Consequently, you can't just throw any set of comprehension elements together and hope that you'll get something that makes sense. This messes up the elegance of the notation considerably, and it also makes it very, very fiddly to write some things that you might conceivably want to write, so much so that it ends up being much more readable to write a traditional for-loop, than use a comprehension.

There might even be orderings that are not allowed by the Python compiler, even though they might make sense in a declarative formalism. I can't think of any right now, but I'm pretty sure there are plenty- and lambdas are not going to be a get-out-of-jail-free card either.


Here's a Python example in "map/filter" functional programming style, adapted from the generator version I posted elsewhere.

    from fractions import Fraction as F

    def thor():
        for th in range(1, 27):
            for o in range(1, 27):
                for r in range(1, 27):
                    if 2*(th**2) + o**2 + r**2 == 1000:
                        yield th, o, r

    def sz(thors):
        th, o, r = thors
        for s in range(1, 27):
            for z in range(1, 27):
                if (th**2 * z**2 * (s - z) + s**2) == 7225:
                    yield th, o, r, s, z

    def gdxi(szs):
        th, o, r, s, z = szs
        for g in range(1, 27):
            for d in range(1, 27):
                for xi in range(1, 27):
                    if (g-1)**2 + d**2 + xi**2 - xi == 600:
                        yield th, o, r, s, z, g, d, xi

    def eti(gdxis):
        th, o, r, s, z, g, d, xi = gdxis
        for (et, i) in (
            (xi-7, xi-11), (xi-11,xi-7), (xi+7, xi+11), (xi+11, xi+7)):
                if 0 < et <= 26 and 0 < i <= 26:
                    yield th, o, r, s, z, g, d, xi, et, i

    def amupi(etis):
        th, o, r, s, z, g, d, xi, et, i = etis
        for (a, mu) in ((4, 1), (2, 2), (1, 4)):
            for pi in range(1, 27):
                if a*(a+pi) == 4 * g:
                    yield th, o, r, s, z, g, d, xi, et, i, a, mu, pi

    def kben(amupis):
        th, o, r, s, z, g, d, xi, et, i, a, mu, pi = amupis
        for k in (3,4):
            for b in range(1, 27):
                for e in range(1, 27):
                    for n in range(1, 27):
                        if b**3 + z**3 + n**3 + o**9 == 1997:
                            if (F(a, k)**2 + F(b, n)**2 + F(d, xi)**2 +
                                F(e, pi)**2 + F(et, mu)**2 +
                                F(i, s)**2 == 6):
                                    yield (a, b, g, d, e, z, et, th, i,
                                           k, th, mu, n, xi, o, pi, r, s)
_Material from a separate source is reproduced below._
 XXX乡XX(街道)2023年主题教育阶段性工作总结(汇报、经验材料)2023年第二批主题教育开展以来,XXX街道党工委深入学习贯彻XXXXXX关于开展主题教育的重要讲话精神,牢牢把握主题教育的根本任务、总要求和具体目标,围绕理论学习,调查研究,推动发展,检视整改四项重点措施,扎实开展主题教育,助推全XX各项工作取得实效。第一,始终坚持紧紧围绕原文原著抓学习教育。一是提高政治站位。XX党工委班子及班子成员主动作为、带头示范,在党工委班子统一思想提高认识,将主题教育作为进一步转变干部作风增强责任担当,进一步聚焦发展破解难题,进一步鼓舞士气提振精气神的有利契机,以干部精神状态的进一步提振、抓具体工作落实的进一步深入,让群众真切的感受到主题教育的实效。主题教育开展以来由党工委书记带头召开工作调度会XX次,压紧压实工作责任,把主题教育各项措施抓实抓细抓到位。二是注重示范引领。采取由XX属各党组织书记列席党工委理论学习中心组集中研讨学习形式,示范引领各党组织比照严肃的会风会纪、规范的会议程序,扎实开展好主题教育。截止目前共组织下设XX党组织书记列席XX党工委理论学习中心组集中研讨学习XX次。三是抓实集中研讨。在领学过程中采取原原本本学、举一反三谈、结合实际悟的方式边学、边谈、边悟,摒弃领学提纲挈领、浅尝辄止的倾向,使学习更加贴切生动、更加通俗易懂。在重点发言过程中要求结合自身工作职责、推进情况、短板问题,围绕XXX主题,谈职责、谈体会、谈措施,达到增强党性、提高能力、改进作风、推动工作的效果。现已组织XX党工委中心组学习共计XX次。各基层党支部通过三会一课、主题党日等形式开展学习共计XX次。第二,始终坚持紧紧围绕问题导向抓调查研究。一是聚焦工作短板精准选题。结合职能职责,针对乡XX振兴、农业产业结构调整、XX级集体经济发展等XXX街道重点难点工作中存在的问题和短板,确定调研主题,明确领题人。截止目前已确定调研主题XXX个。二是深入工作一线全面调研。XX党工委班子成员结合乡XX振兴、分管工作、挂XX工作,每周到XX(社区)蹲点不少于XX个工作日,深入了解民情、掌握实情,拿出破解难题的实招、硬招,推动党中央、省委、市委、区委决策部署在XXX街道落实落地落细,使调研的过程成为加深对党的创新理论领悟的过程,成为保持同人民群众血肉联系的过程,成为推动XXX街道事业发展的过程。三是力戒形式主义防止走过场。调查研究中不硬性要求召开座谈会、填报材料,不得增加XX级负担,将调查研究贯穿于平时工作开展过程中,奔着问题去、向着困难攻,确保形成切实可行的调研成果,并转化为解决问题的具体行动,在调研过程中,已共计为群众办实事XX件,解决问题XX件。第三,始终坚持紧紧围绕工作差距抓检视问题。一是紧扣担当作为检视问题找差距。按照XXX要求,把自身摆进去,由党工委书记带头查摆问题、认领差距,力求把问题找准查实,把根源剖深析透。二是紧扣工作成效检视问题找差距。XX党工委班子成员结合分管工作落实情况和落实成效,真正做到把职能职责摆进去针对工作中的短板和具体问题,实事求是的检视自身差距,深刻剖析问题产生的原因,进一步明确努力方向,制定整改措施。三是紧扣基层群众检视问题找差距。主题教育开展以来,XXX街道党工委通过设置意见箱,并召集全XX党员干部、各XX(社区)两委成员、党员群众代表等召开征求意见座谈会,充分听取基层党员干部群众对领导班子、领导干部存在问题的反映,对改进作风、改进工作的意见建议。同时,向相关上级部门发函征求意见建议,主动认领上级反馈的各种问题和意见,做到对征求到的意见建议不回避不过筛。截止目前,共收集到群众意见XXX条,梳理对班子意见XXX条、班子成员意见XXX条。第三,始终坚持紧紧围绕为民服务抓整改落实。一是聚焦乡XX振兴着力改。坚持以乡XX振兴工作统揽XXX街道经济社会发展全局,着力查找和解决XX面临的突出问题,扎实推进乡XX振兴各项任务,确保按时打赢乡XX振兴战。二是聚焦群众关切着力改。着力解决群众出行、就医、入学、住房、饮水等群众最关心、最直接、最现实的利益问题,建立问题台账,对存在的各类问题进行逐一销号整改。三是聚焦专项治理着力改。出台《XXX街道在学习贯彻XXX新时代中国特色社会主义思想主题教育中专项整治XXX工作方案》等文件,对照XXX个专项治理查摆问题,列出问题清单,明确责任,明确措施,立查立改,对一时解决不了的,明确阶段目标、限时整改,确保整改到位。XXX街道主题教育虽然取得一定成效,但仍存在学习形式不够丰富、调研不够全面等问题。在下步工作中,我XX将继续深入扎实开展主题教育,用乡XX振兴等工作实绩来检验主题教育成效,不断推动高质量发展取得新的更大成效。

    flatten = lambda l: [item for sublist in l for item in sublist]

    thors = thor()
    szs = flatten(filter(None, map(lambda x: list(sz(x)), thors)))
    gdxis = flatten(filter(None, map(lambda x: list(gdxi(x)), szs)))
    etis = flatten(filter(None, map(lambda x: list(eti(x)), gdxis)))
    amupis = flatten(filter(None, map(lambda x: list(amupi(x)), etis)))
    results = flatten(filter(None, map(lambda x: list(kben(x)), amupis)))

    print('\t'.join(('a', 'b', 'g', 'd', 'e', 'z', 'et', 'th',
                     'i', 'k', 'l', 'mu', 'n', 'xi', 'o', 'pi', 'r', 's')))
    for r in results:
        print('\t'.join(map(str, r)))


The last part can be simplified to this:

    thors = thor()
    szs = flatten(map(list, map(sz, thors)))
    gdxis = flatten(map(list, map(gdxi, szs)))
    etis = flatten(map(list, map(eti, gdxis)))
    amupis = flatten(map(list, map(amupi, etis)))
    results = flatten(map(list, map(kben, amupis)))

    # print results


I get that this may have been a reasonable attitude back in the '90s when most languages doing higher order functions were a bit cryptic-looking about it, but in 2017 there's enough variations on the theme that he should be able to come up with something clean and pythonic.
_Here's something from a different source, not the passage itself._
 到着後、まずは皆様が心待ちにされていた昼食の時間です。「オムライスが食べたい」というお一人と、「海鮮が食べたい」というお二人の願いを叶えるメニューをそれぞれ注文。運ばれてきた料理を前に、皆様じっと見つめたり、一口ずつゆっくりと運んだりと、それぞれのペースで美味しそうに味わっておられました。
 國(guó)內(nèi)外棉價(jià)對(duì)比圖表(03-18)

If your ideal is Lisp, it's not surprising if you find every other language lacking.


Plenty of non-Lisps with decent lambdas and map/filter.


Exactly. I'm primarily a C# coder and I love C#'s implementation of map/filter using a terse Lambda syntax and higher-order functions named after the SQL counterparts of map/filter: Select and Where.
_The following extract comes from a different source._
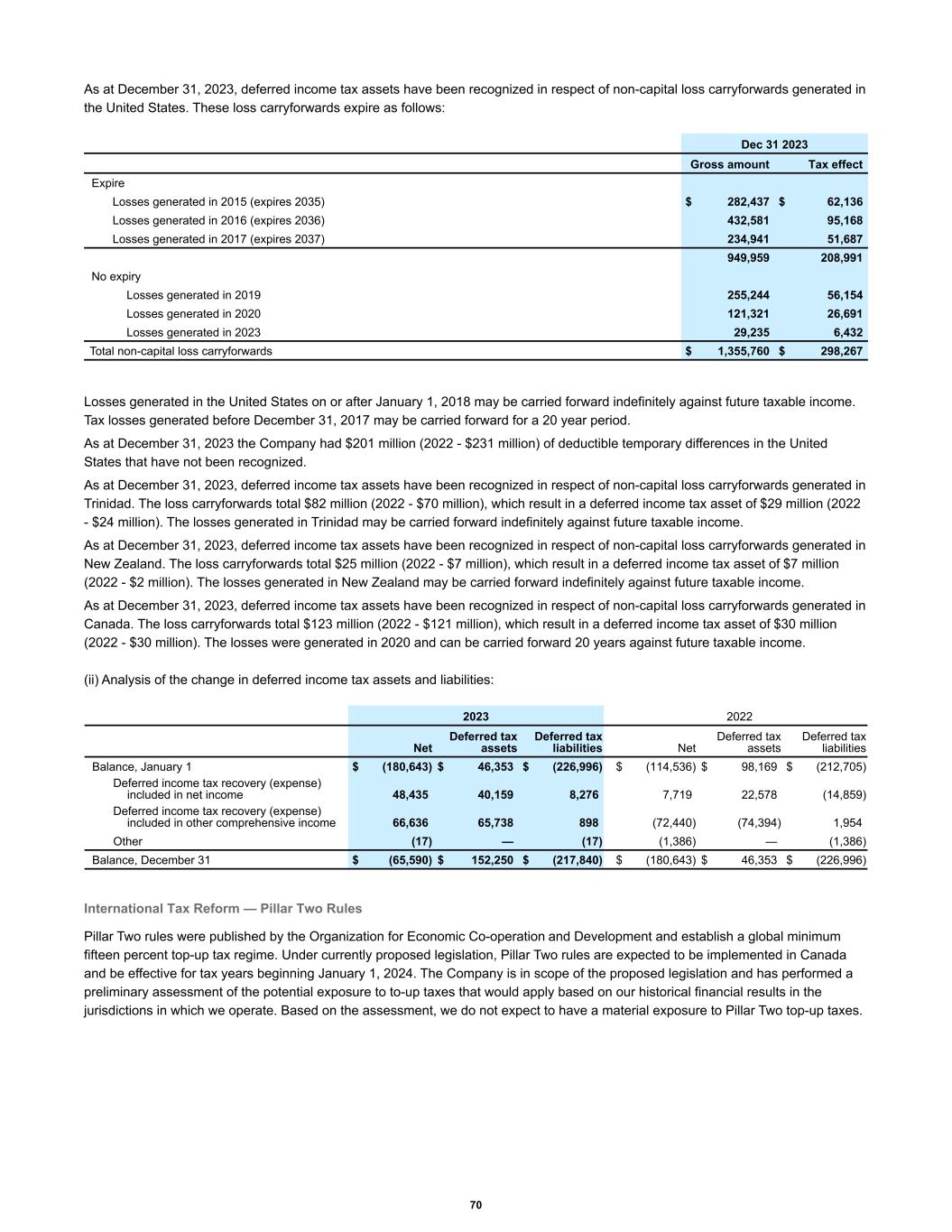 As at December 31, 2023, deferred income tax assets have been recognized in respect of non-capital loss carryforwards generated in the United States. These loss carryforwards expire as follows: Dec 31 2023 Gross amount Tax effect Expire Losses generated in 2015 (expires 2035) $ 282,437 $ 62,136 Losses generated in 2016 (expires 2036) 432,581 95,168 Losses generated in 2017 (expires 2037) 234,941 51,687 949,959 208,991 No expiry Losses generated in 2019 255,244 56,154 Losses generated in 2020 121,321 26,691 Losses generated in 2023 29,235 6,432 Total non-capital loss carryforwards $ 1,355,760 $ 298,267 Losses generated in the United States on or after January 1, 2018 may be carried forward indefinitely against future taxable income. Tax losses generated before December 31, 2017 may be carried forward for a 20 year period. As at December 31, 2023 the Company had $201 million (2022 - $231 million) of deductible temporary differences in the United States that have not been recognized. As at December 31, 2023, deferred income tax assets have been recognized in respect of non-capital loss carryforwards generated in Trinidad. The loss carryforwards total $82 million (2022 - $70 million), which result in a deferred income tax asset of $29 million (2022 - $24 million). The losses generated in Trinidad may be carried forward indefinitely against future taxable income. As at December 31, 2023, deferred income tax assets have been recognized in respect of non-capital loss carryforwards generated in New Zealand. The loss carryforwards total $25 million (2022 - $7 million), which result in a deferred income tax asset of $7 million (2022 - $2 million). The losses generated in New Zealand may be carried forward indefinitely against future taxable income. As at December 31, 2023, deferred income tax assets have been recognized in respect of non-capital loss carryforwards generated in Canada. The loss carryforwards total $123 million (2022 - $121 million), which result in a deferred income tax asset of $30 million (2022 - $30 million). The losses were generated in 2020 and can be carried forward 20 years against future taxable income. (ii) Analysis of the change in deferred income tax assets and liabilities: Net Deferred tax assets Deferred tax liabilities Net Deferred tax assets Deferred tax liabilities Balance, January 1 $ (180,643) $ 46,353 $ (226,996) $ (114,536) $ 98,169 $ (212,705) Deferred income tax recovery (expense) included in net income 48,435 40,159 8,276 7,719 22,578 (14,859) Deferred income tax recovery (expense) included in other comprehensive income 66,636 65,738 898 (72,440) (74,394) 1,954 Other (17) — (17) (1,386) — (1,386) Balance, December 31 $ (65,590) $ 152,250 $ (217,840) $ (180,643) $ 46,353 $ (226,996) 2023 2022 International Tax Reform — Pillar Two Rules Pillar Two rules were published by the Organization for Economic Co-operation and Development and establish a global minimum fifteen percent top-up tax regime. Under currently proposed legislation, Pillar Two rules are expected to be implemented in Canada and be effective for tax years beginning January 1, 2024. The Company is in scope of the proposed legislation and has performed a preliminary assessment of the potential exposure to to-up taxes that would apply based on our historical financial results in the jurisdictions in which we operate. Based on the assessment, we do not expect to have a material exposure to Pillar Two top-up taxes. 70

Lisp represents the ultimate sacrifice of legibility, type-safety, and familiarity in exchange for expressiveness. But it's reasonable to say "I like other languages than Lisp for other reasons, but I wish they had Lisp feature X in a form that fits the philosophy of the language".

I mean, Python could offer an alternate sexpr syntax that makes it a lisp, and that would provide nice higher-order-function support for map and filter and foldr, but that wouldn't be a "pythonic" solution to the problem.

I want a "pythonic" answer for map and filter and reduce. List Comprehensions are supposed to provide that, but imho they're a failed attempt. They're ugly and restrictive.


That's because there's an argument to be made here that the blog poster here is misusing the comprehensions syntax.

While what he does works, it can just as easily be written as

    list(itertools.chain(*[[x for x in sublist if x%3 == 0] for sublist in nested_list]))
Which uses a bit of magic to massage the end result, but it is much clearer for the inner portions, and much similar to your 'lispy' style. (`itertools.chain(` is equivalent to a 1-level flatten)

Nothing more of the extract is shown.